· 2 min read

Broodje Spek

Bacon/pork belly sandwich.

🇳🇱 Netherlands · Family: Broodje Vlees & Vleeswaren


The Broodje Spek is a roll built around spek, the Dutch word that covers both bacon and cured or fried pork belly. Which one you get depends on the counter: a snack bar or lunchroom usually means crisped streaky bacon, while an older butcher-style shop may mean thick slices of gebakken spek, fried fatty pork belly. Either way the sandwich is an exercise in fat management. The meat is rich and salty, the bread is plain and soft, and everything good or bad about the result comes down to how the pork is cooked and what, if anything, is set against it.

The build is short and the order matters. A soft white roll, sometimes a denser bread roll, split and often left untoasted so its softness plays against the crisp meat. The spek is fried until the fat renders and the edges crisp, then drained briefly so the roll does not turn greasy, and laid in while still hot. At its plainest that is the sandwich: hot pork, soft bread, nothing else, eaten for the contrast alone. Many counters add a cutting element, sliced raw onion, a smear of mustard, or a few rounds of pickle, to push back against the fat. Good execution is rendered, crisp, hot pork on fresh bread that has not gone soggy. Sloppy execution is undercooked, flabby spek with soft white fat still slick, or meat fried so hard it shatters into salty splinters.

The whole sandwich is salt and fat against plain starch. The bread is deliberately neutral so the rendered pork carries everything, and the only real seasoning is the cure on the meat itself. When it works, the first bite is crisp edge, then soft fat, then bread soaking up the rest, with a sharp note from onion or mustard if it is there. When it fails, it is either greasy and heavy or dry and brutally salty, with no middle ground.

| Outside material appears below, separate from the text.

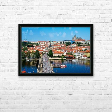 Pragues iconic Charles Bridge Vltava River and historic city  Picture Frame Printing

Variation comes mostly from the cut and the pairings. Thin streaky bacon gives a crisp, lacy texture; thick belly slices give a meatier, chewier bite with a soft fat core. A fried egg on top is the most common addition and changes the sandwich into a heartier breakfast plate, with the yolk doing some of the work mustard would otherwise do. That egg-and-bacon roll is a distinct order with its own balance and deserves its own article rather than being crowded in here, as does the steak roll that shares this counter's plain-bread, meat-forward logic.